Below are records with pictures in them. Transcribe everything from the line containing "Если низ отвечает" down to the line containing "Inicie cubriendo la", exactly, and leave the pictures behind.

----

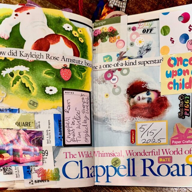 Today’s junk journal spread. I used old planner stickers, Magazine and coupon book clippings, shipping tags, and a picture from a little golden book. To me junk journal long is all about slamming trash into art. It’s about exercising your creativity and sustainability. Unlike this spread, today was a very rainy gloomy and exhausting day. But I did get to thrift shop and score some craft supplies, add to my collection of dolls/toys and restock my apothecary/alter. #junkjournaling #scrapbooking #junkjournal #junkjournalsupplies #collagespread #ecofriendlyart #sustainability #reusereducerecycle #earthfriendlyart #junkjournalspread #chappellroan #thrifting #thriftfings
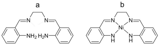 - Green, M.; Tasker, P.A. NN′-ethylenebis-(o-aminobenzylideneiminato)nickel(II) and its derivatives. J. Chem. Soc. A 1970, 2531–2539. [Google Scholar] [CrossRef]
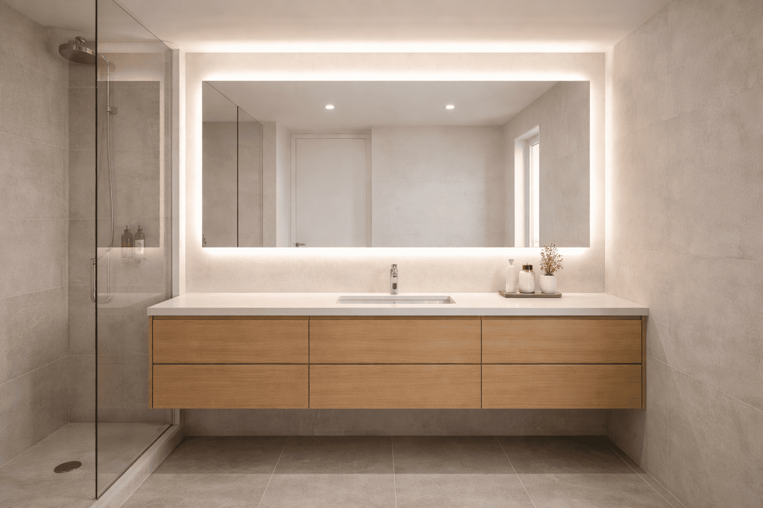 Если низ отвечает за порядок, то верх отвечает за восприятие. Зеркало и освещение формируют то, как ванная «читается» с порога: светло или темно, уютно или слишком контрастно, выглядит ли помещение просторнее.
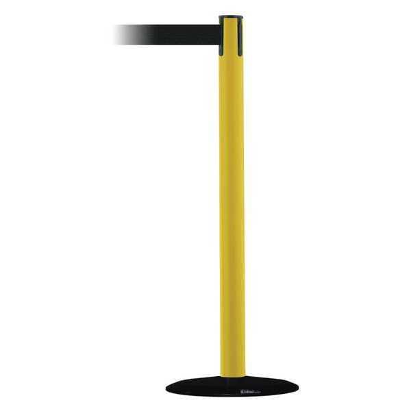 Barrier Post with Belt, Maximum Overall Height 38 in, Legend No Legend, Legend Color Not Applicable, Number of Belts 1, Belt Length 7 1/2 ft, Belt Width 2 in, Belt Color Black, Belt Pattern No Pattern, Post Color Yellow, Product Type Stanchion, Minimum Overall Height Not Applicable, Post Diameter 2 1/2 in, Post Material Metal Alloy, Post Finish Powder Coated, Base Type Basic, Base Diameter 14 in, Base Material Cast Iron, Base Finish Black ABS No Scuff Cover, Base Color Black, ADA Compliance Yes
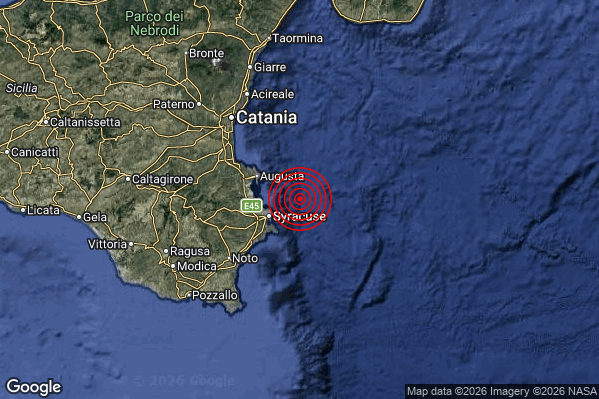 Oggi 14/04/2026 alle ore 13:37:47 (ora locale Italiana – 11:37:47 UTC) è stato registrato un Debole #Terremoto di magnitudo M2.6 con epicentro “Costa Siracusana (Siracusa)” Latitudine: 37.15 Longitudine: 15.45 mostrato sulla mappa.
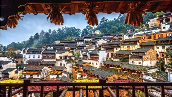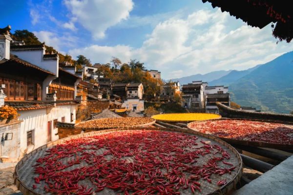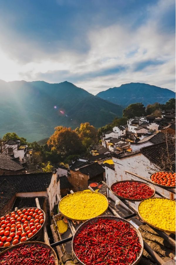 每到豐收時節(jié),陽光下數(shù)百棟錯落的徽派民居,和曬架上五彩繽紛的豐收成果構成絢爛的“曬秋”景觀。
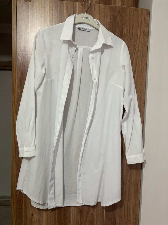 Düğmeli Beyaz Keten Midi Kadın Gömlek
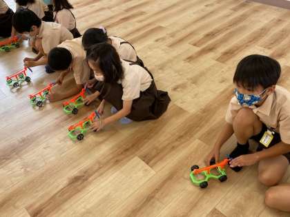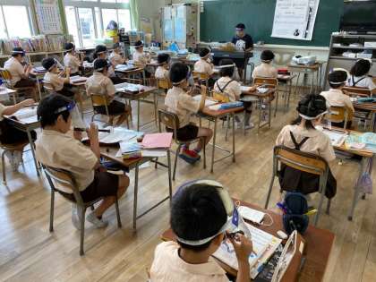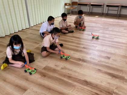 本日2時間目、3年生1・2組の授業のようすです。1組は音楽で、フェイスシールドを着けてリコーダーを吹く練習をしています。2組は理科で、ゴムの動力でプロペラを回して動く車を作って走らせています。
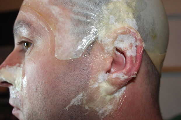 Inicie cubriendo la parte superior e inferior de los oídos con capas de tejido de la capa y látex líquido y seque entre aplicaciones.
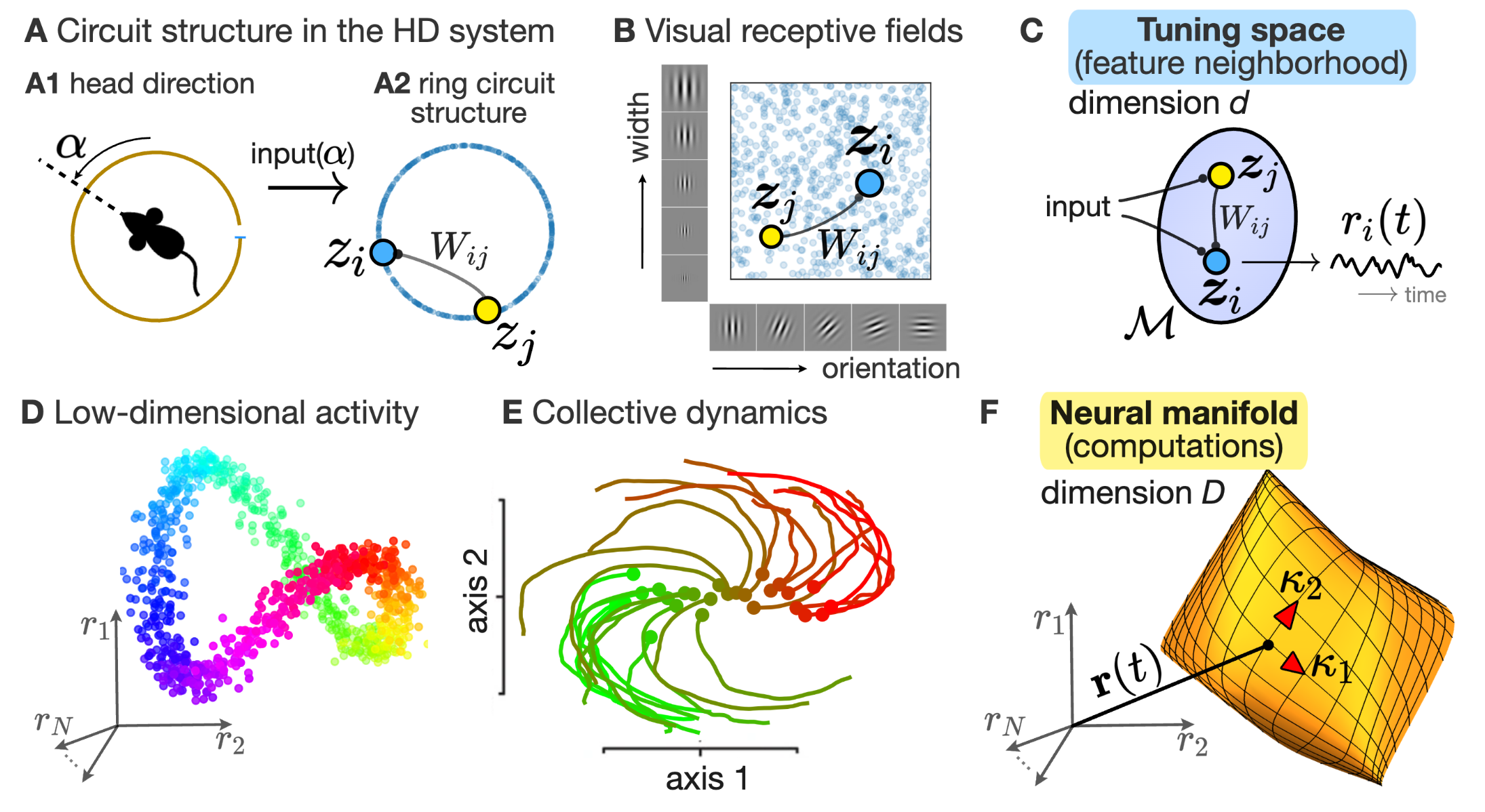 Two complementary perspectives on population activity in neural dynamics. The figure contrasts a “circuit” perspective with a “neural manifold” perspective. In circuit models, neurons are organized in an abstract tuning space, where proximity reflects tuning similarity, and recurrent connectivity $W_{ij}$ together with external inputs generates time-dependent firing rates $r_i(t)$ (panels A–C). In the neural manifold view, the joint activity vector $r(t)\in\mathbb{R}^N$ of a recorded population evolves along low-dimensional trajectories embedded in a high-dimensional space (panels D–F). This is illustrated by ring-like manifolds for head-direction representations and by rotational trajectories in motor cortex, both of which can often be captured by a small number of latent variables $\kappa_1(t),\ldots,\kappa_D(t)$ with $D\ll N$. In the context of our overview post here, I think, the figure highlights very well why neural dynamics naturally connects mechanistic network modeling with state-space descriptions of population activity. These are not competing accounts, but complementary levels of description that emphasize different aspects of the same underlying dynamical system. Source: Figure 1 from Pezon, Schmutz, Gerstner, Linking neural manifolds to circuit structure in recurrent networks, 2024, bioRxiv 2024.02.28.582565, doi: 10.1101/2024.02.28.582565ꜛ (license: CC-BY-NC-ND 4.0)
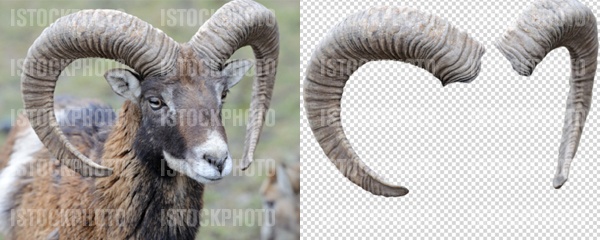 If you’d like to use the one I used, purchase, download and open up the Mouflon – Wild Sheep Goat Bighorn stock image. We are going to isolate the horns on this image. There are several ways of doing this, but I like to use the layer mask technique so I have both the left and right horns isolated (as shown below).
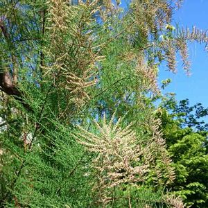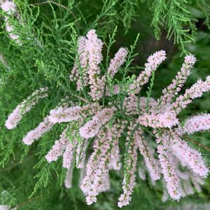 *ギョリュウ*(御柳) 🐡 (⊙ω⊙)ギョギョ さかなクンではありません(笑)毎年咲いてたのに見逃してたのね。 2020 6月9日撮影 *ナデシコ目 *ギョリュウ科*ギョリュウ属 学名:Tamarix chinensis 互生葉序 複穂状花序 花色:ピンク〜白 花期:夏,秋 原産地 中国 針葉植物のように見えますが 広葉樹です。初夏と初秋に2度咲きます。と有りました。😅🐡
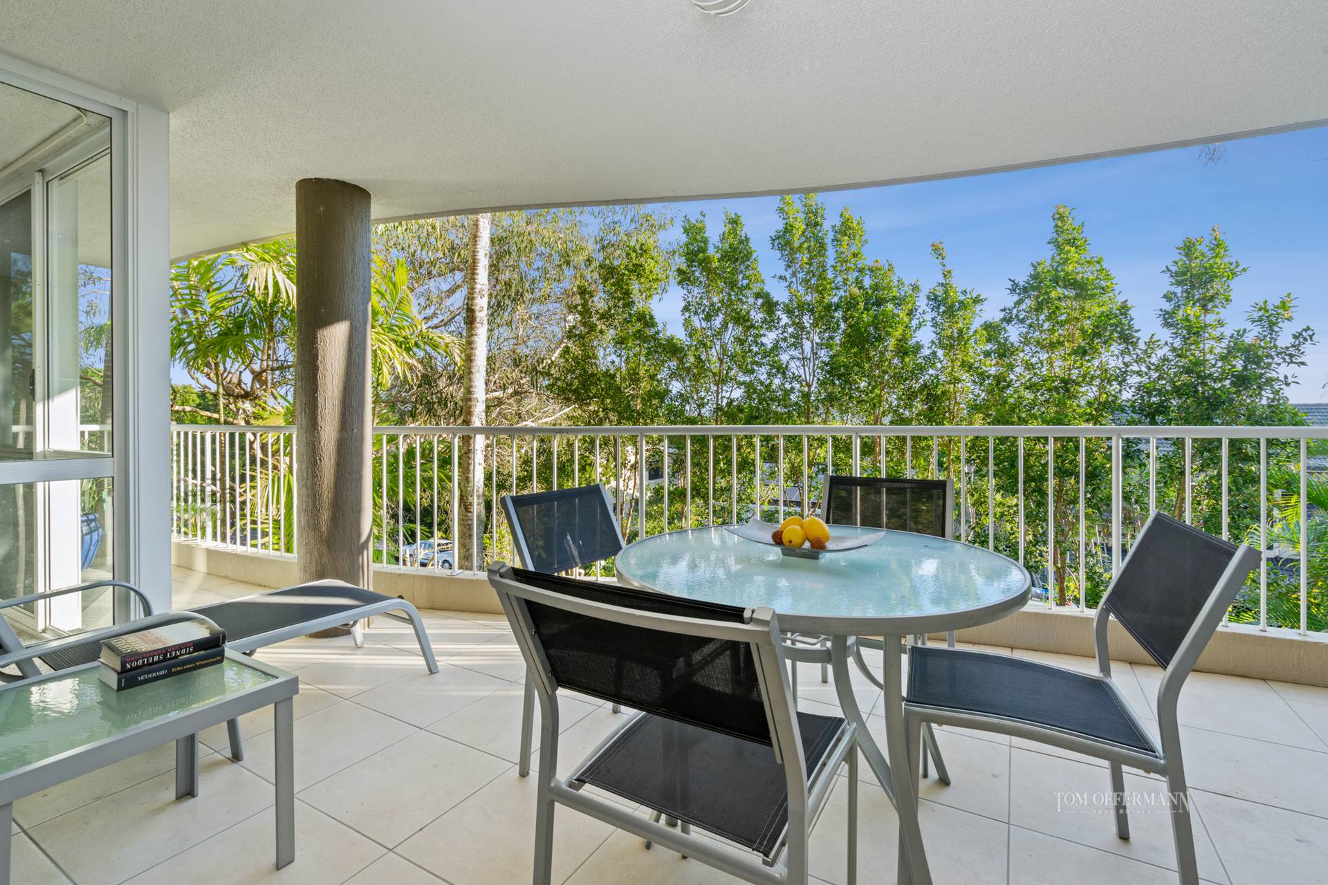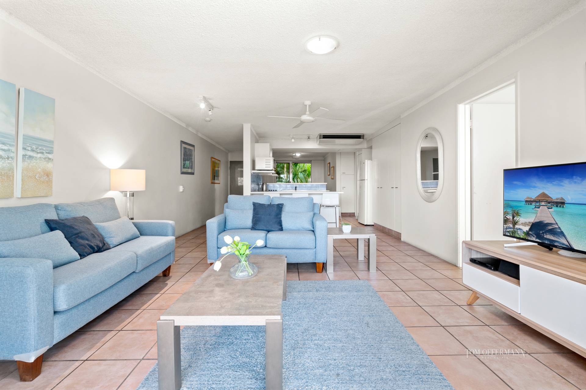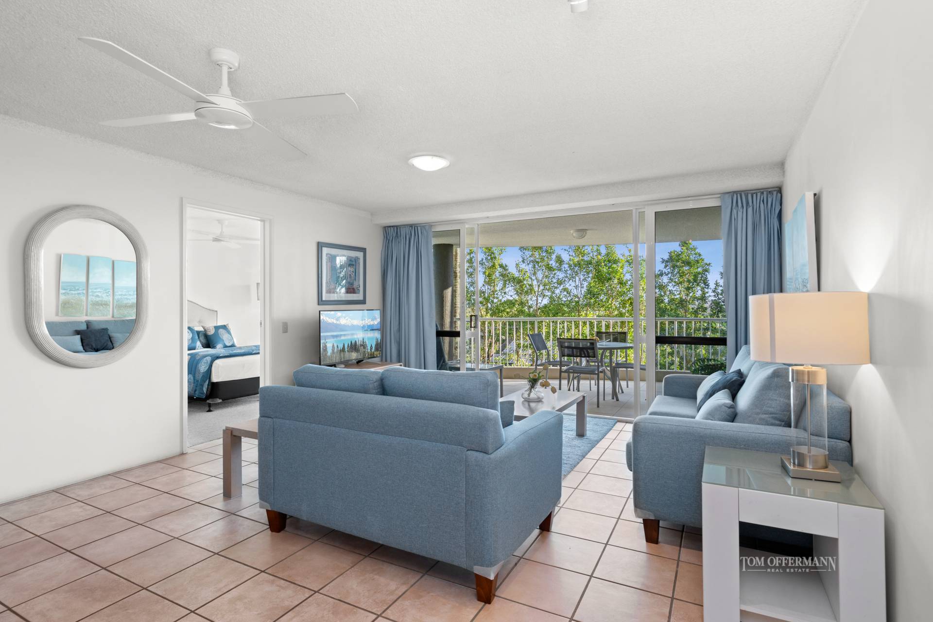 The apartment, at the quiet end of the resort has pale terracotta flooring, and a coastal aesthetic with blue sofas, seaside artworks and cane chairs. Natural light drenches the main living area which opens out to an extra-large covered terrace and stretches the width of the apartment on the north-westerly side. It is also accessed from the carpeted master bedroom with walk-in robe and ensuite.
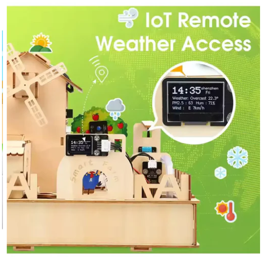 Made of environmentally friendly plywood, the kit includes easy-to-use 3D cutting templates to inspire creativity and hands-on skills. It is suitable for children aged 8 and above and is an ideal gift for various occasions such as Christmas and birthdays. The smart farm kit is based on ESP32 IoT technology, simulating smarter modern agricultural production management, allowing children to master relevant programming knowledge.

----

** RESPONSE AREA **
 Если низ отвечает за порядок, то верх отвечает за восприятие. Зеркало и освещение формируют то, как ванная «читается» с порога: светло или темно, уютно или слишком контрастно, выглядит ли помещение просторнее.
 Barrier Post with Belt, Maximum Overall Height 38 in, Legend No Legend, Legend Color Not Applicable, Number of Belts 1, Belt Length 7 1/2 ft, Belt Width 2 in, Belt Color Black, Belt Pattern No Pattern, Post Color Yellow, Product Type Stanchion, Minimum Overall Height Not Applicable, Post Diameter 2 1/2 in, Post Material Metal Alloy, Post Finish Powder Coated, Base Type Basic, Base Diameter 14 in, Base Material Cast Iron, Base Finish Black ABS No Scuff Cover, Base Color Black, ADA Compliance Yes
 Oggi 14/04/2026 alle ore 13:37:47 (ora locale Italiana – 11:37:47 UTC) è stato registrato un Debole #Terremoto di magnitudo M2.6 con epicentro “Costa Siracusana (Siracusa)” Latitudine: 37.15 Longitudine: 15.45 mostrato sulla mappa.
 每到豐收時節(jié),陽光下數(shù)百棟錯落的徽派民居,和曬架上五彩繽紛的豐收成果構成絢爛的“曬秋”景觀。
 Düğmeli Beyaz Keten Midi Kadın Gömlek
 本日2時間目、3年生1・2組の授業のようすです。1組は音楽で、フェイスシールドを着けてリコーダーを吹く練習をしています。2組は理科で、ゴムの動力でプロペラを回して動く車を作って走らせています。
 Inicie cubriendo la parte superior e inferior de los oídos con capas de tejido de la capa y látex líquido y seque entre aplicaciones.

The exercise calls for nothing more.